# Activity
Below are records to repeat exactly. Omit the pictures from the copy.

# Source data

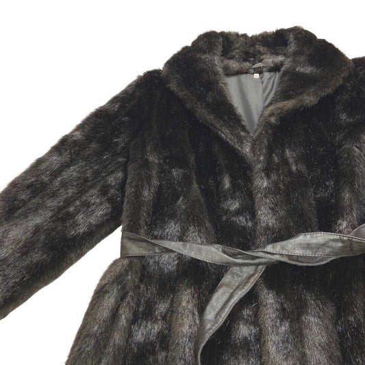 Vintage 70s 80s Black Belted Long Faux Fur Coat 16 18 L
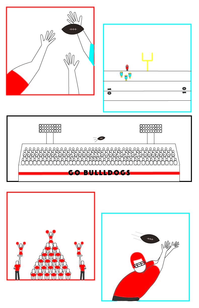 fact is action is the best way that I believe to challenge a readers traditional reading style. That being said I then choose to pick a topic that is very action packed and I came up with “Football.” I choose to offset the the comic frames as too inhibit a person’s natural reading style. I also focused on using the actual football itself as a tool to make the time between frames seem obscure. Three of my five frames include the football traveling. I think the traveling of the football is what guides the viewer through my comic strip. My comic features two styles of closure: Action to Action and Aspect to Aspect. The Action to Action is represented by the football traveling and the players attempting to receive it. You can tell multiple people are in pursuit of the ball. I think it is important that I left it up to the viewer to decide who is on offense and who is on defense because it changes the story either ways. The Aspect to Aspect is represented by the frame of the players, the frame including the crowd, and the frame including the cheerleaders. I believe that my comic strip does a great job of having an obscure timeline. You could look at my comic diagonally and it would still make sense. I think that the football driving the timeline is what sets my comic apart. Additionally, my comic doesn’t feature who threw the ball which makes it possible for the viewer to interpret it in many different ways. I have use the Illustrator software once before in Com 210. That is the extent of my experience with the software. The tutorials taught me alot. Most importantly though it taught me how to organize my work in the illustrator software. The iconography I used varies from somewhat realistic to bubble people. I did this to express that my frames were either up close or far away. I think that viewers will pick up on this because only two of my frames feature somewhat realistic figures. Whereas the other three feature bubble people. I would also say that viewers will interpret my iconography as being very organized and precise. I think my limited experience with adobe illustrator was my only limitation when it came to this project. I found myself using the anchor point tool and the arch tool to create the shapes and figures I wanted. I also used the layers panel extensively alongside the properties panel when it came to my figures, color splotches, and shapes. Creating the figures was quite challenging.
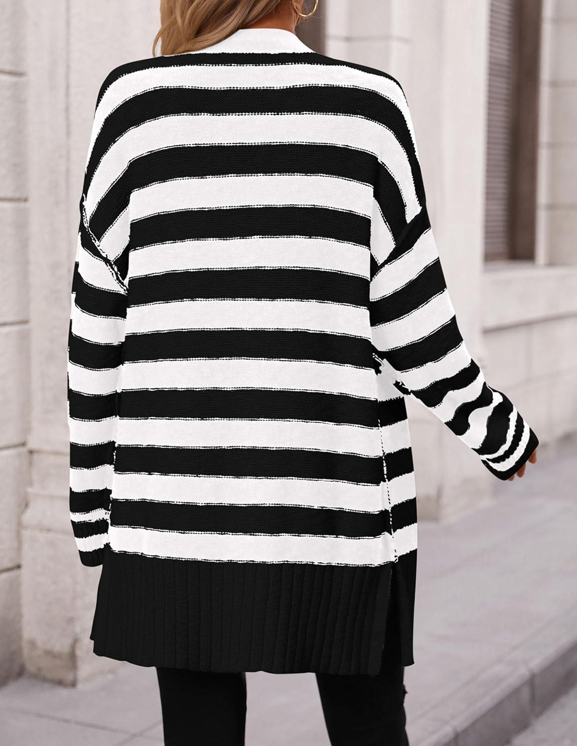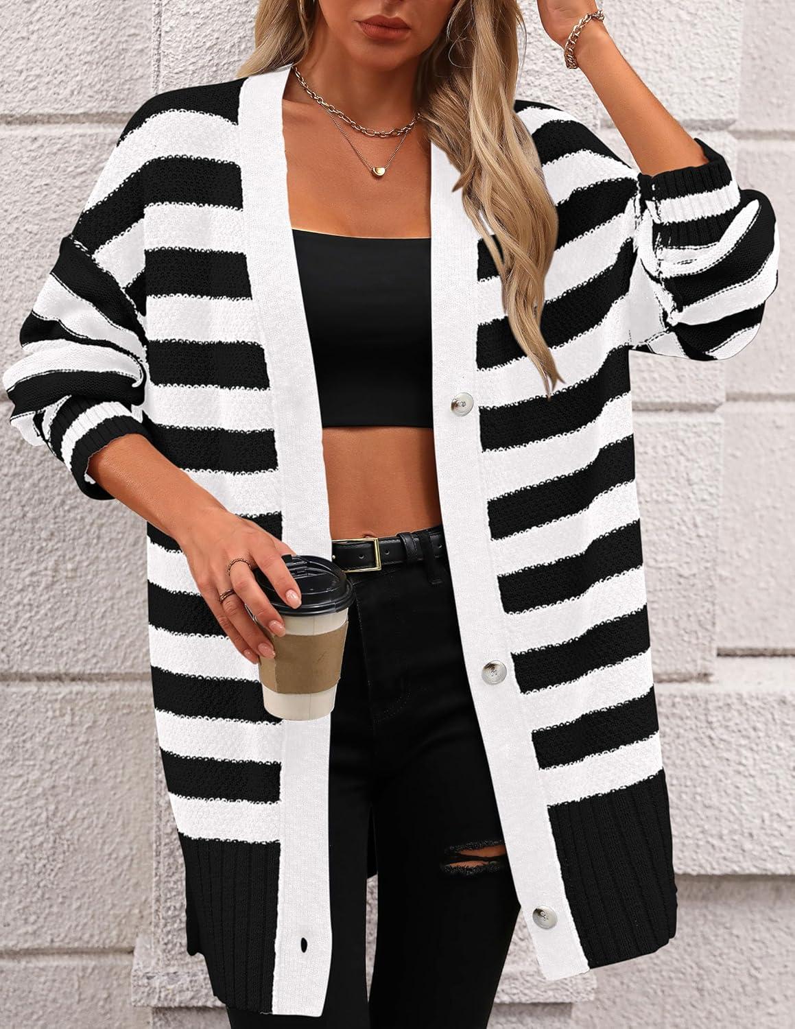 PRETTYGARDEN Women's Winter Striped Cardigan Sweaters Long Sleeve Button Down Open Front Chunky Knit Oversized Sweater Coat(Striped Black White)
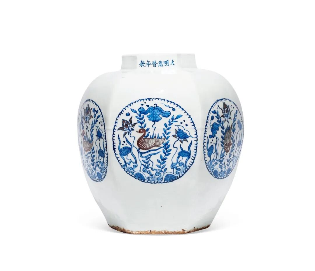 明万曆青花釉里红六开窗荷塘鸳鸯纹六棱罐
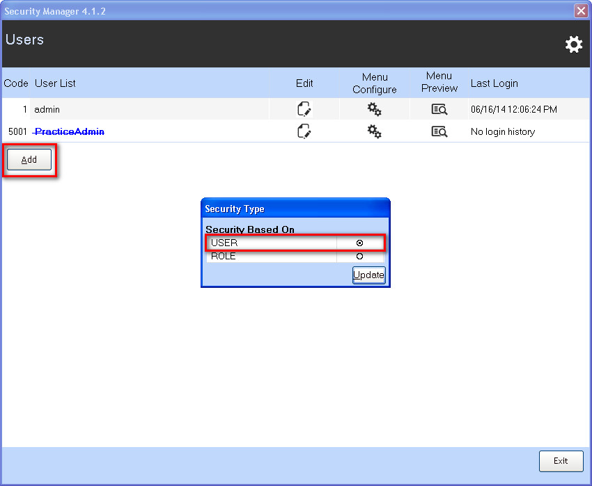 n. In the User Type field, press ENTER or F2 key to select from the options below:
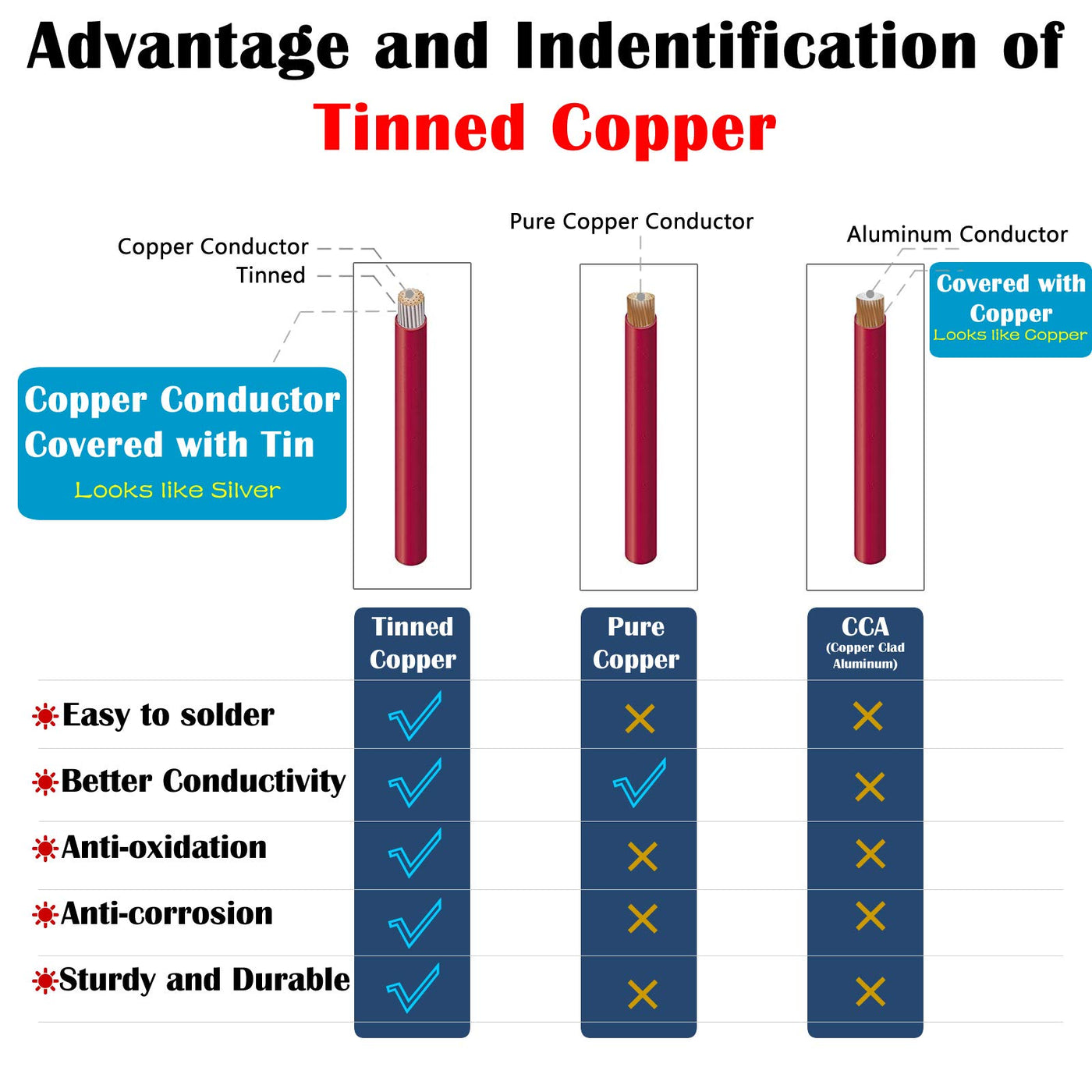 Q: What gauge wire is used in this cable?A: This cable uses ten gauge wire. It is made from tinned copper, ensuring durability and efficiency for power transfer.
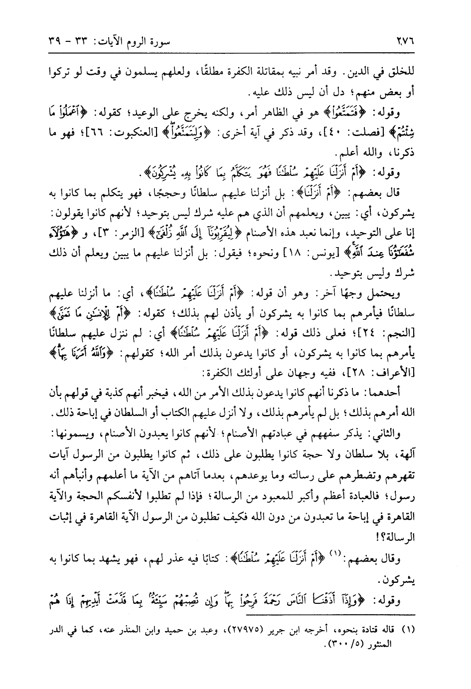 وقوله: (أَمْ أَنْزَلْنَا عَلَيْهِمْ سُلْطَانًا فَهُوَ يَتَكَلَّمُ بِمَا كَانُوا بِهِ يُشْرِكُونَ (35)
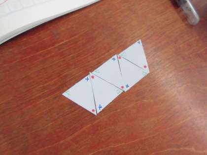 算数の時間には合同な図形を学習しています。三角形を敷き詰めることで,三角形がもつ角の大きさの秘密がわかります。何か気づいたことはありますか。
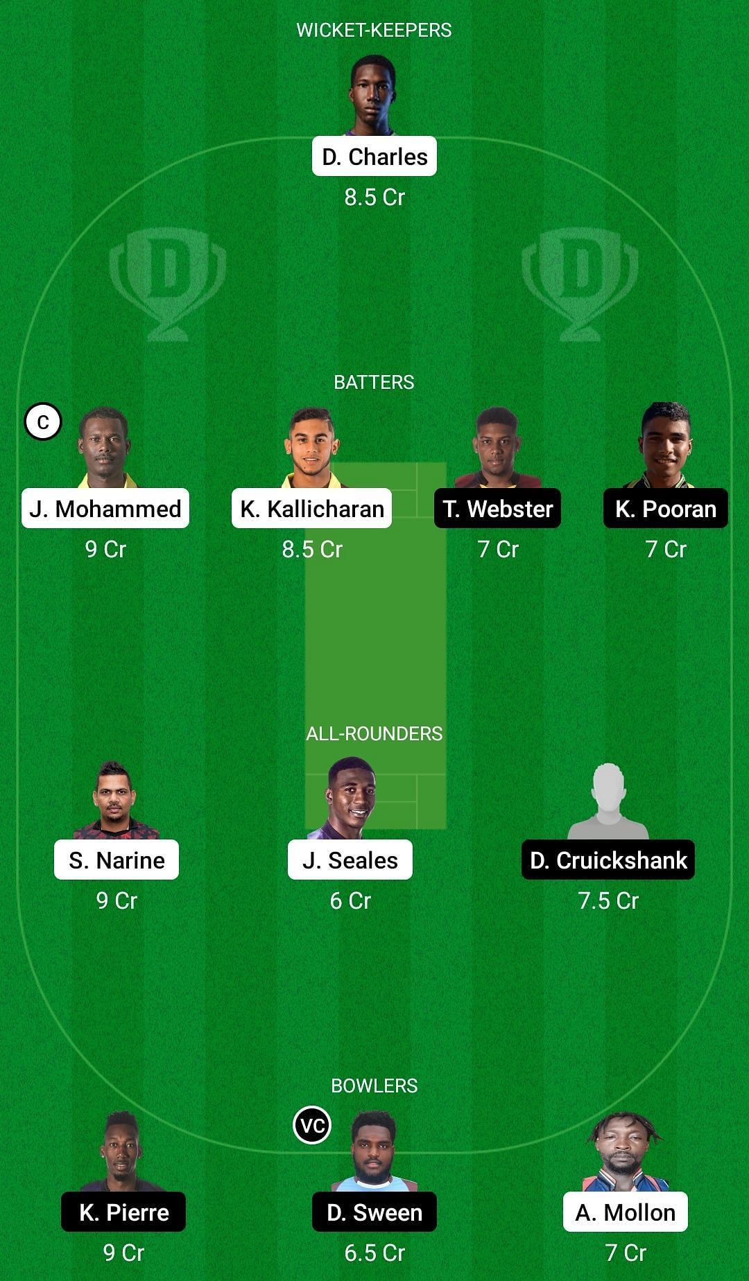 Bowlers: Khary Pierre, Dexter Sween (vc), Akheel Mollon
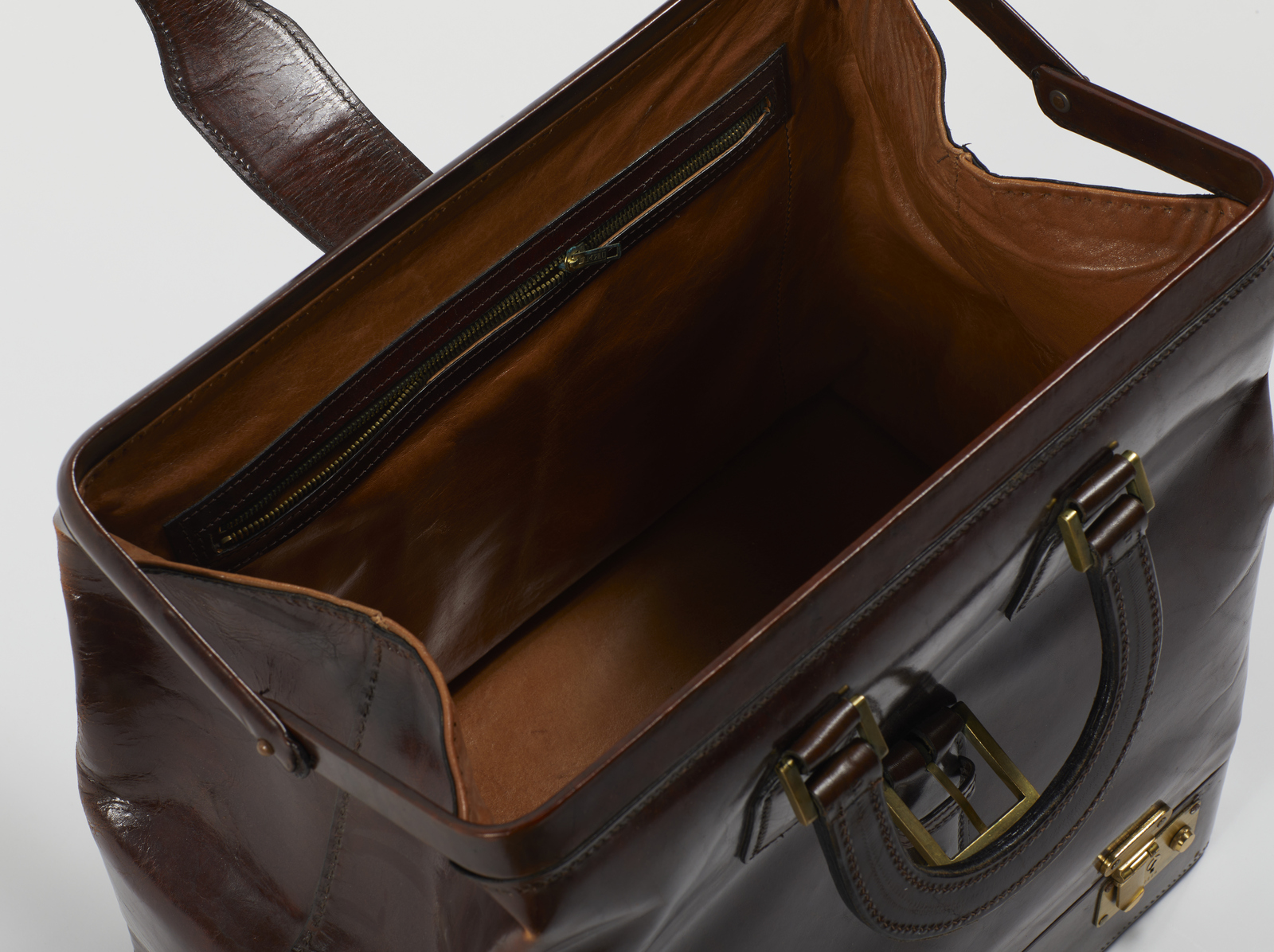 AUTORE NON IDENTIFICATO Borsa di cuoio. Pelle. Cm 48,00 x 41,00 x 27,00. Valigia in pelle color cuoio a mano con scompartimento alla base, hardware dorato, interni in pelle, taschina interna con zip.

# Expected output
 Vintage 70s 80s Black Belted Long Faux Fur Coat 16 18 L
 fact is action is the best way that I believe to challenge a readers traditional reading style. That being said I then choose to pick a topic that is very action packed and I came up with “Football.” I choose to offset the the comic frames as too inhibit a person’s natural reading style. I also focused on using the actual football itself as a tool to make the time between frames seem obscure. Three of my five frames include the football traveling. I think the traveling of the football is what guides the viewer through my comic strip. My comic features two styles of closure: Action to Action and Aspect to Aspect. The Action to Action is represented by the football traveling and the players attempting to receive it. You can tell multiple people are in pursuit of the ball. I think it is important that I left it up to the viewer to decide who is on offense and who is on defense because it changes the story either ways. The Aspect to Aspect is represented by the frame of the players, the frame including the crowd, and the frame including the cheerleaders. I believe that my comic strip does a great job of having an obscure timeline. You could look at my comic diagonally and it would still make sense. I think that the football driving the timeline is what sets my comic apart. Additionally, my comic doesn’t feature who threw the ball which makes it possible for the viewer to interpret it in many different ways. I have use the Illustrator software once before in Com 210. That is the extent of my experience with the software. The tutorials taught me alot. Most importantly though it taught me how to organize my work in the illustrator software. The iconography I used varies from somewhat realistic to bubble people. I did this to express that my frames were either up close or far away. I think that viewers will pick up on this because only two of my frames feature somewhat realistic figures. Whereas the other three feature bubble people. I would also say that viewers will interpret my iconography as being very organized and precise. I think my limited experience with adobe illustrator was my only limitation when it came to this project. I found myself using the anchor point tool and the arch tool to create the shapes and figures I wanted. I also used the layers panel extensively alongside the properties panel when it came to my figures, color splotches, and shapes. Creating the figures was quite challenging.
 PRETTYGARDEN Women's Winter Striped Cardigan Sweaters Long Sleeve Button Down Open Front Chunky Knit Oversized Sweater Coat(Striped Black White)
 明万曆青花釉里红六开窗荷塘鸳鸯纹六棱罐
 n. In the User Type field, press ENTER or F2 key to select from the options below:
 Q: What gauge wire is used in this cable?A: This cable uses ten gauge wire. It is made from tinned copper, ensuring durability and efficiency for power transfer.
 وقوله: (أَمْ أَنْزَلْنَا عَلَيْهِمْ سُلْطَانًا فَهُوَ يَتَكَلَّمُ بِمَا كَانُوا بِهِ يُشْرِكُونَ (35)
 算数の時間には合同な図形を学習しています。三角形を敷き詰めることで,三角形がもつ角の大きさの秘密がわかります。何か気づいたことはありますか。
 Bowlers: Khary Pierre, Dexter Sween (vc), Akheel Mollon
 AUTORE NON IDENTIFICATO Borsa di cuoio. Pelle. Cm 48,00 x 41,00 x 27,00. Valigia in pelle color cuoio a mano con scompartimento alla base, hardware dorato, interni in pelle, taschina interna con zip.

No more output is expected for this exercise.